Cathie Wood, founder, CEO and CIO of Ark Investment Management is one of the latest entrants to launching a bitcoin ETF in the US. The Winklevoss twins of Facebook fame have been trying this for years, but have been turned down by the SEC each time. Oddly enough, this has not deterred Wood or other firms, and the SEC has received at least six further Bitcoin ETF applications waiting to be reviewed.
The lack of easy access to bitcoin via an ETF in the US has created opportunities for others. The Grayscale Bitcoin Trust (GBTC) is a listed trust that tracks bitcoin and has more than $20bn assets under management. Other asset managers have launched ETFs that invest in companies that seem involved in cryptocurrencies.
However, just because a company operates in the blockchain industry does not mean it provides exposure to cryptocurrencies.

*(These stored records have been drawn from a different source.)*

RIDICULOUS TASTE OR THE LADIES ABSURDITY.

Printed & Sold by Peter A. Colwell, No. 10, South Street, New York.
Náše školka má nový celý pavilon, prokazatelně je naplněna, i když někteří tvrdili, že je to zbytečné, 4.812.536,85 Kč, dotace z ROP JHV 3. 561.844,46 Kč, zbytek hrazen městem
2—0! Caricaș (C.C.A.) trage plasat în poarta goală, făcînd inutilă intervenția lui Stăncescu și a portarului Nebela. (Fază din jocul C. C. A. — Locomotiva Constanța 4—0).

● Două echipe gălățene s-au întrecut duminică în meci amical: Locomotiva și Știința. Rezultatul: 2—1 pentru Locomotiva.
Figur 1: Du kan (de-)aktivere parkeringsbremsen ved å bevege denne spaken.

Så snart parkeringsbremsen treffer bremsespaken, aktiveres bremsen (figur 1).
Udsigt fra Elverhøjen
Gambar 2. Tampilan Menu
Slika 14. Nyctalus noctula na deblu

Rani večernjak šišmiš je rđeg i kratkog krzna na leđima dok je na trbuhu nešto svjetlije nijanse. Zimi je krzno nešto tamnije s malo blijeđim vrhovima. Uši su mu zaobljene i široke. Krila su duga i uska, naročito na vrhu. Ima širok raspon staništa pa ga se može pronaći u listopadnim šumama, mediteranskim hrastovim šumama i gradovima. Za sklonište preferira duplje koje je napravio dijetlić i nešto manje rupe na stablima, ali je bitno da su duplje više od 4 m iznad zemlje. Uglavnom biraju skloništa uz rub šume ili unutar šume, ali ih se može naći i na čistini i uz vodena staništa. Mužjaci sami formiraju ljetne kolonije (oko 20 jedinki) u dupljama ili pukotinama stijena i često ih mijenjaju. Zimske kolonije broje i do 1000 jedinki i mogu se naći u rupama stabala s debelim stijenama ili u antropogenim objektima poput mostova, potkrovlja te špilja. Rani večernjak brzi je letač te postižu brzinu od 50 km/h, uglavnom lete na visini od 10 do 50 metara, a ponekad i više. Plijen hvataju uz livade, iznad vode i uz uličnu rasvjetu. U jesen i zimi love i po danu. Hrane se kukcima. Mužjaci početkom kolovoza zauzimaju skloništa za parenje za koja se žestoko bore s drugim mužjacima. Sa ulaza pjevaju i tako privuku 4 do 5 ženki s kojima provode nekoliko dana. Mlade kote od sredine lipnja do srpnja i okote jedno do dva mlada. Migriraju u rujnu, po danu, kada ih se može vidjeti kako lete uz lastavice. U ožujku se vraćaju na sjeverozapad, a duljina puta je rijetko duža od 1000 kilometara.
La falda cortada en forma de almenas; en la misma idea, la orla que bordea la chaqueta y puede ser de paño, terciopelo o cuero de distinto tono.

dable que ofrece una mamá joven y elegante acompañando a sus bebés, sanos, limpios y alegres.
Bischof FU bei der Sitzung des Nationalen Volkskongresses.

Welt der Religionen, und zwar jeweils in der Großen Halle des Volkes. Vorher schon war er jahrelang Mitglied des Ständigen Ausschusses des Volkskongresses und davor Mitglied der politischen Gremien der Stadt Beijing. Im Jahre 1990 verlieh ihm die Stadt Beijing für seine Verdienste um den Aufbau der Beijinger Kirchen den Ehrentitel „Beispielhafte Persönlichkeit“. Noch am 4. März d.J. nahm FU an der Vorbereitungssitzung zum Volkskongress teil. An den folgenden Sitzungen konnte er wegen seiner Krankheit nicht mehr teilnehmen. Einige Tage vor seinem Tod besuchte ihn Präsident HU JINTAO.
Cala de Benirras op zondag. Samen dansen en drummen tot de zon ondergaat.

In a similar fashion, there is a difference between gold miners and the gold price, or master limited partnerships (MLPs) and the oil price.

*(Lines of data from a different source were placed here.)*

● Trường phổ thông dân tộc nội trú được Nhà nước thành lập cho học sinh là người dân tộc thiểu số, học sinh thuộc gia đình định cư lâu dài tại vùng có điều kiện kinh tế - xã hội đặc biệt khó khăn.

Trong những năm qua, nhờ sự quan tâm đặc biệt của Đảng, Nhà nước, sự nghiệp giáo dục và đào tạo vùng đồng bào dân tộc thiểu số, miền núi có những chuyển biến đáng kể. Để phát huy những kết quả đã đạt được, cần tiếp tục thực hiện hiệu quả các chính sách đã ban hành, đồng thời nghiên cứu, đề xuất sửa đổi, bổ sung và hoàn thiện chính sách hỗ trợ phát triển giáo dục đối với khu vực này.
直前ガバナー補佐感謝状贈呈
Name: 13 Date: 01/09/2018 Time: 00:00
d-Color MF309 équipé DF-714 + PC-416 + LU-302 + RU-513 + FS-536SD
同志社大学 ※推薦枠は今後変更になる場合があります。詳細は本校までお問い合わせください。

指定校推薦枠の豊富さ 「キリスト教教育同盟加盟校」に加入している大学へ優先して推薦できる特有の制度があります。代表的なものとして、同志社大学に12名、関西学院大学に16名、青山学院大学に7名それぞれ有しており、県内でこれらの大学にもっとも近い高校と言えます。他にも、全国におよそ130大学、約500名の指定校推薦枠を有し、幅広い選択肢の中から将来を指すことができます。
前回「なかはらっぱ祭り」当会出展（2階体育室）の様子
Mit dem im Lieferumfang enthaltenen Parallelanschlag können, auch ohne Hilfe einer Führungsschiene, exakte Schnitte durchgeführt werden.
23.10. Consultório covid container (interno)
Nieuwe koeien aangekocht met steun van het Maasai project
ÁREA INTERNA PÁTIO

In this research note, we will investigate the exposure of digital asset ETFs to cryptocurrencies.
The rise of crypto
Although investing in cryptocurrencies is usually justified as a hedge against the inflation that plague fiat currencies or general disdain for the traditional financial system, most investors are likely simply performance chasing. The returns of the S&P 500 seem rather unexciting compared to bitcoin’s CAGR of roughly 100% since 2014. It is tough to resist such a siren song.

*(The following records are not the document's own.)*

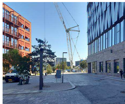
Byrumsforløbet set mod krydset, hvor materialer og farver på nybyggeri er repræsenteret.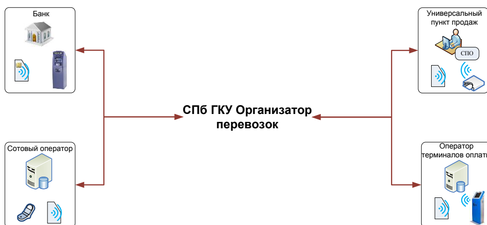
Рис.1 Общая схема реализации ПБ

– обеспечить обмен данными с Организатором в соответствии с Федеральным законом от 27.07.2006 №149-ФЗ «Об информации, информационных технологиях и о защите информации» и от 29.07.2004 № 98 Федеральным законом «О коммерческой тайне».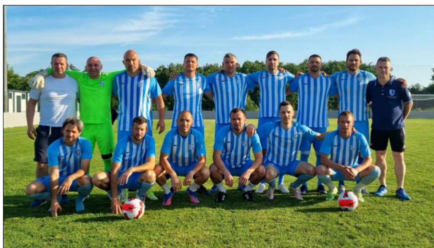
Prvaci skupine „Sjever“ sezona 2022./2023., NK Jadran-Poreč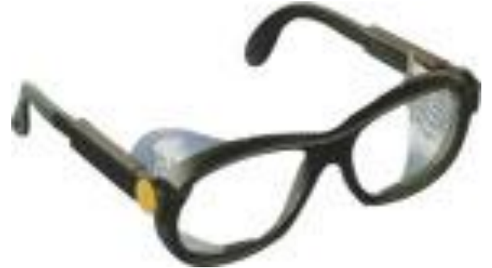
Yarı Kapalı Gözlük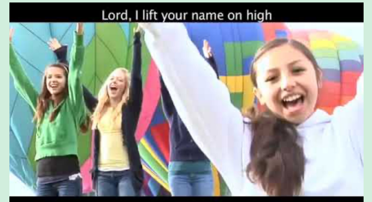
(유치부) Lord, I Lift Your Name on High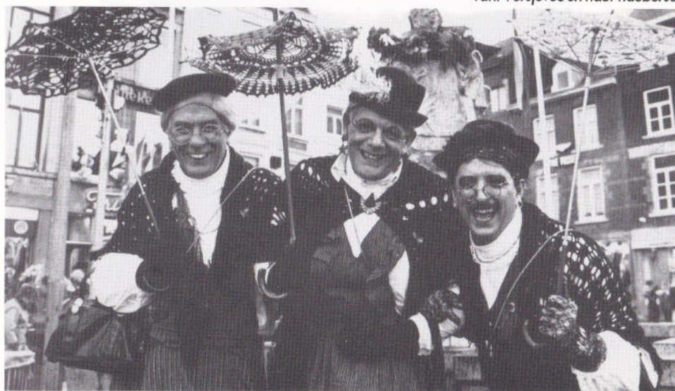
Tant Versjeeve en häör naaberse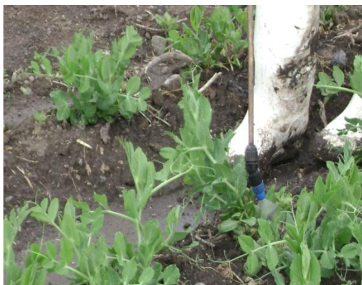
b) Aplicación de control químico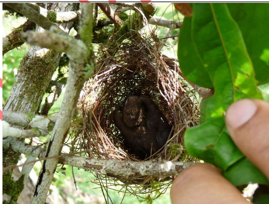
Figura 14. Nido de Sporophila corvina , 07 de setiembre de 2009, en Reserva El Quebracho, Río San Juan.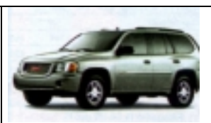
Standard SUV : Toyota Highlander o.ä. für 4 Erw. mit Gepäck , 4 Türen (Preise ähnl. wie Mini van)

Alle Fahrzeuge haben autom. Getriebe, Klimaanlage, Servobremsen und Servolenkung, Radio, CD-Player.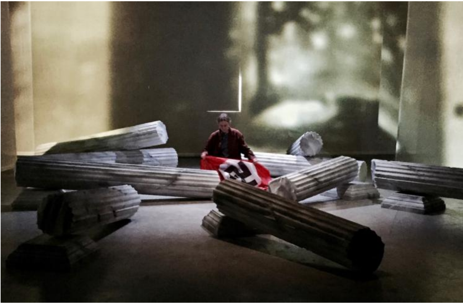
AKTION T4, Lenz Fondazione, ph. Francesco Pititto.

che non restituisce e incoraggia stati d'animo, riflessioni o visioni altre, ma soltanto la teatralizzazione (d'occasione, commemorativa) del pensiero stesso degli autori e dei loro collegamenti letterari intorno al tema. Aktion T4 , quindi, non ci trasporta da nessuna parte, eccetto che qui, in teatro, davanti a una selva di colonne di polistirolo abbattute.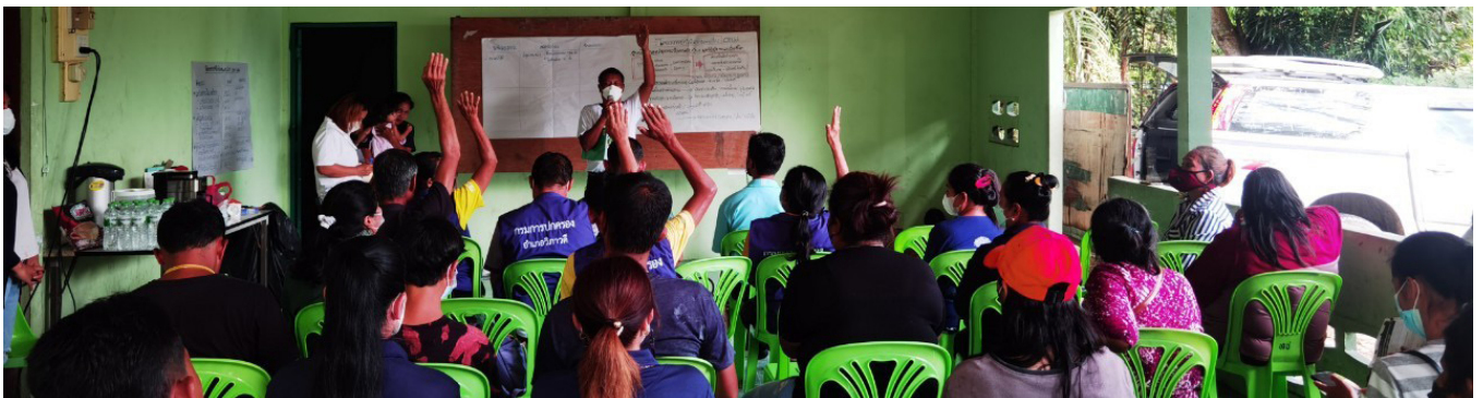
ประชุมเครือข่ายป่าไม้ภาคพลเมือง จังหวัดสุราษฎร์ธานี

สำหรับงานเครือข่ายป่าไม้ภาคพลเมืองตั้งแต่เดือนสิงหาคม 2565 จนถึงเดือนมกราคม 2567 พวกเราได้รับการสนับสนุนจากกองทุนรวมธรรมาภิบาลไทยหรือ Corporate Governance Fund (CGFund) เพื่อยกระดับกิจกรรมของเครือข่ายฯ ควบคู่ไปกับการบริหารเครือข่ายฯ อย่างมีธรรมาภิบาล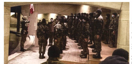
Müde aber stolz: Beförderung der frisch gebackenen Unteroffiziere im Schaffhauser Munot.

zum Munot an, wo die Anwärter (Soldaten) in einem schlichten, aber sehr würdigen Beförderungsakt durch Oberst i Gst Ineichen zu Wachtmeistern befördert wurden. In seiner Ansprache hat der Kdt, Oberst i Gst Ineichen, den neuen Wm mitgegeben, wie wichtig die «4 M» für Kader sind («Man muss Menschen mögen»). Anschliessend wurden die frischgebackenen Wm nach einem Nachtessen auf dem Munot motorisiert nach Dübendorf verschoben.

However, the price of cryptocurrencies is anything but stable and there have been multiple 50% drawdowns in recent years. Bitcoin and other coins become popular with retail investors in 2017 after a meteoric rise, but then cryptocurrencies crashed and went into what is now called the crypto winter. In 2020, another bull market started that took many to new record highs and started capturing the interest of a broader investor audience.